In general, a shell script is most useful and powerful when working with the execution of programs or modifying files in the context of the file system, whereas sed, gawk, and perl are primarily for working with the contents of files. For more information, see:

  • the entries for gawk and sed in the Utilities Reference
  • Robbins, Arnold, and Dale Dougherty. 1997. sed & awk, 2nd Edition. Sebastopol, CA: O'Reilly & Associates. ISBN 1-56592-225-5
  • Schwartz, Randal L., and Tom Phoenix. 2001. Learning Perl. Sebastopol, CA: O'Reilly & Associates. ISBN 0-59600-132-0

Running a shell script

You can execute a shell script in these ways:

  • Invoke another shell with the name of your shell script as an argument:
    sh myscript
  • Load your script as a dot file into the current shell:
    . myscript
  • Use chmod to make the shell script executable, and then invoke it, like this:
    chmod 744 myscript
    ./myscript

    In this instance, your shell automatically invokes a new shell to execute the shell script.

The first line

The first line of a script can identify the interpreter to use. The first line of many—if not most—shell scripts is in this form:

#! interpreter [arg]

For example, a Korn shell script likely starts with:

#! /bin/sh

The line starts with a #, which indicates a comment, so the line is ignored by the shell processing this script. The initial two characters, #!, aren't important to the shell, but the loader code in procnto recognizes them as an instruction to load the specified interpreter and pass it:

  1. The path to the interpreter
  2. The optional argument specified on the first line of the script
  3. The path to the script
  4. Any arguments you pass to the script

For example, if your script is called my_script, and you invoke it as:

./my_script my_arg1 my_arg2 ...

then procnto loads:

interpreter [arg] ./my_script my_arg1 my_arg2 ...

  • The interpreter can't be another #! script.
  • The kernel ignores any setuid and getuid permissions on the script; the child still has the same user and group IDs as its parent. (For more information, see Setuid and setgid.

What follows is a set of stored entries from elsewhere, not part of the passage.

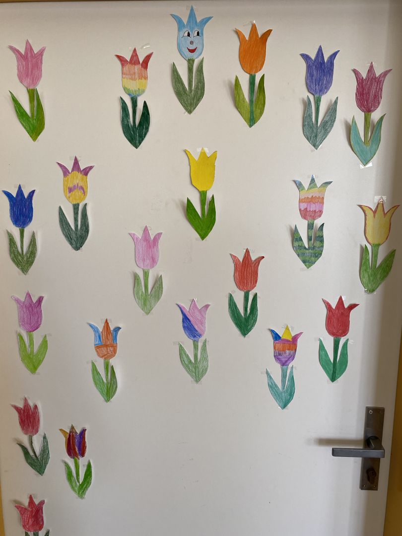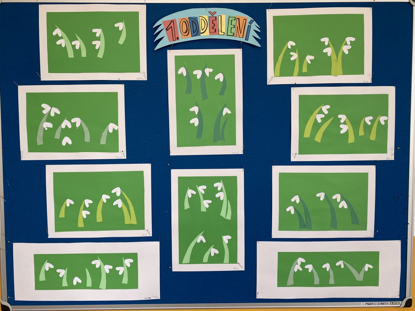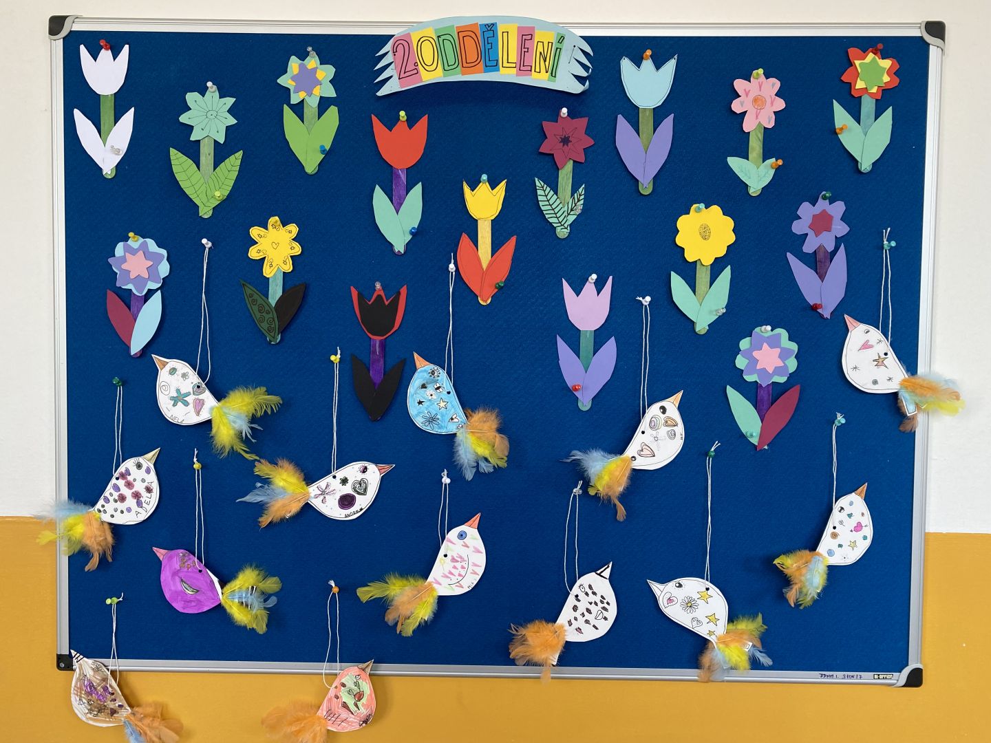 A když sluníčko nesvítilo, prozářili jsme prostory chodby jarními výtvory naších žáků.
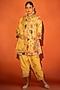 Featuring a yellow angrakha in cotton silk base with floral print. It is paired with pants and an organza dupatta. Accentuate the designer set with kundan polki or gold jewellery, embellished heels and a potli bag for an elegant look, Perfect wear for festive, sangeet or engagement ceremony.
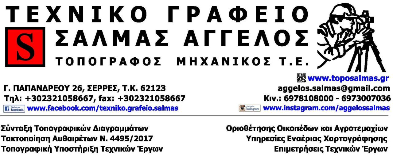 customer tabsΕπικοινωνίαΤο Τεχνικό Γραφείο – Σαλμάς Άγγελος δημιουργήθηκε το 2008 με σκοπό να προσφέρει υψηλήςποιότητας υπηρεσίες στους τομείς της Τοπογραφίας και των G.I.S. ικανοποιώντας τιςαπαιτήσεις και τις ανάγκες των πελατών του. Έχοντας εμπειρία ( μελέτη και κατασκευή )σε μελέτες διαφόρων ειδών και συνεργασίες με καταρτισμένους μηχανικούς, το τεχνικό μαςγραφείο είναι σε θέση να εγγυηθεί για την υψηλή ποιότητα των υπηρεσιών για κάθε εργασίαπου θα μας ανατεθεί. Αναλαμβάνουμε την μελέτη, συνεργαζόμαστε με τις ανάλογες αρμόδιεςδημόσιες υπηρεσίες και πράττουμε τα μέγιστα πρός όφελος των πελατών μας,Με σύμμαχο τηνσύγχρονη τεχνολογία έχουμε τη δυνατότητα εκπόνησης projects ειδικών απαιτήσεων, τόσο γιατον δημόσιο όσο και για τον ιδιωτικό τομέα, με τρόπο ταχύ και υπεύθυνο. Η διαρκής ενημέρωση,η παρακολούθηση των νέων δεδομένων, αποτελούν διαρκείς προτεραιότητες και συμβάλλουνστην ανάπτυξη εξειδικευμένων προσεγγίσεων και στην βελτιστοποίηση των επιλεγόμενων κατάπερίπτωση λύσεων. Το τεχνικό μας γραφείο αναλαμβάνει να σας εξυπηρετήσει επιστημονικά,γρήγορα και ολοκληρωμένα. Η έδρα μας βρίσκεται στο Νομό Σερρών αλλά εξυπηρετούμε όλεςτις περιοχές στη Βόρειο ΕλλάδαΑγρονόμοι - ΤοπογράφοιΤεχνικά Γραφεία και ΕταιρείεςΥπηρεσίεςΔόμηση - ΚατοικίαΠαπανδρέου Γεωργίου 26, ΣέρρεςΣΕΡΡΕΣΜΑΚΕΔΟΝΙΑ 2321058667 6978108000 69730070362321058667aggelos.salmas@gmail.comwww.toposalmas.grΤεχνικό Γραφείο - Σαλμάς Άγγελος Το προτείνω (έχει προταθεί 0 φορές) ΦωτογραφίεςFacebook LikeShare on FacebookTweet Widget
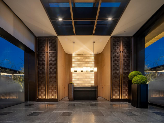 例如,在归家的动线上,保利以古代“提灯夜游”为灵感,将“灯”这一意向穿插其中——在公区入户大堂内,造型别致的壁灯格外惹眼,其灵感来自于“中国古典豆形灯”;落壁灯则是以古铜不锈钢搭配仿透光云石灯具,营造出朦胧的光晕氛围,颇具东方意蕴。

Some interpreters adjust the list of arguments:

  • ksh removes itself from the arguments
  • gawk changes its own path to be simply gawk
  • perl removes itself and the name of the script from the arguments, and puts the name of the script into the $0 variable

For example, let's look at some simple scripts that echo their own arguments.

Arguments to a ksh script

Suppose we have a script called ksh_script that looks like this:

#! /bin/sh
echo $0
for arg in "$@" ; do
  echo $arg
done

If you invoke it as ./ksh_script one two three, the loader invokes it as /bin/sh ./ksh_script one two three, and then ksh removes itself from the argument list. The output looks like this:

./ksh_script
one
two
three

Arguments to a gawk script

Next, let's consider the gawk version, gawk_script, which looks like this:

#!/usr/bin/gawk -f
BEGIN {
        for (i = 0; i < ARGC; i++)
                print ARGV[i]
}

The -f argument is important; it tells gawk to read its script from the given file. Without -f, this script doesn't work as expected.

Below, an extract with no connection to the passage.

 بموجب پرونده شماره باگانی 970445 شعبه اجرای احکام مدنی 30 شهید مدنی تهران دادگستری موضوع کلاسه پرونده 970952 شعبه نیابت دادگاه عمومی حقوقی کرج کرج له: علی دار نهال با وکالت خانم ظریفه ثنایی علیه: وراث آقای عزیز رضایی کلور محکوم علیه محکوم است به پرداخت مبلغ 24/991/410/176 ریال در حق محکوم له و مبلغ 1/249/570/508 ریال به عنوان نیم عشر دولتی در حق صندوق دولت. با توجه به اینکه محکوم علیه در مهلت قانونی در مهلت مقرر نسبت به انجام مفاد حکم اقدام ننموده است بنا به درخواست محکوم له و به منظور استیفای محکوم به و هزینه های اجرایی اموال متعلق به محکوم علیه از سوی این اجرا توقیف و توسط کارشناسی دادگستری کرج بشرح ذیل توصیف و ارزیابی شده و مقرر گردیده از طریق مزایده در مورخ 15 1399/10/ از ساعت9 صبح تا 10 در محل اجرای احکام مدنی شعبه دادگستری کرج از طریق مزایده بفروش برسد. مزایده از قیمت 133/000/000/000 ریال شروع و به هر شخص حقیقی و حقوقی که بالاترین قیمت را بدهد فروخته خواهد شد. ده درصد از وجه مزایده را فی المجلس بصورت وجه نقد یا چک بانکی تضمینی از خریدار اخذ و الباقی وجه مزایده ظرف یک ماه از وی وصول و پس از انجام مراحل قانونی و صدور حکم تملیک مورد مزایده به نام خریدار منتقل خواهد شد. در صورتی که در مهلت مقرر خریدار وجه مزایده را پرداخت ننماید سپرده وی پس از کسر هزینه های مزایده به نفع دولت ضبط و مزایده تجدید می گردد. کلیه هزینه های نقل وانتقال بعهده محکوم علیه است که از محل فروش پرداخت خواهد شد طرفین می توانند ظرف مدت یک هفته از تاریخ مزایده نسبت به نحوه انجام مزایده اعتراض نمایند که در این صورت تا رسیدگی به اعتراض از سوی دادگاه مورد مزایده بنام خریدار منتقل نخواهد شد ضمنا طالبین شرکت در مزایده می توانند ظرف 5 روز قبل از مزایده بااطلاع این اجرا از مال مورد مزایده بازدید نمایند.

If you run this script as ./gawk_script one two three, the loader invokes it as /usr/bin/gawk -f ./gawk_script one two three, and then gawk changes its full path to gawk. The output looks like this:

gawk
one
two
three

Arguments to a perl script

The perl version of the script, perl_script, looks like this:

#! /usr/bin/perl
for ($i = 0; $i <= $#ARGV; $i++) {
    print "$ARGV[$i]\n";
}

If you invoke it as ./perl_script one two three, the loader invokes it as /usr/bin/perl ./perl_script one two three, and then perl removes itself and the name of the script from the argument list. The output looks like this:

one
two
three

Example of a Korn shell script

Let's look at a script that searches C source and header files in the current directory tree for a string passed on the command line:

#!/bin/sh
#
# tfind:
# script to look for strings in various files and dump to less

case $# in
1)
    find . -name '*.[ch]' | xargs grep $1 | less
    exit 0   # good status
esac

echo "Use tfind stuff_to_find                               "
echo "      where : stuff_to_find = search string           "
echo "                                                      "
echo "for example, tfind console_state looks through all files in  "    
echo "     the current directory and below and displays all "
echo "     instances of console_state."
exit 1    # bad status

As described above, the first line identifies the program, /bin/sh, to run to interpret the script. The next few lines are comments that describe what the script does. Then we see:

case $# in
1)
  ...
esac

The case ... in is a shell builtin command, one of the branching structures provided by the Korn shell, and is equivalent to the C switch statement.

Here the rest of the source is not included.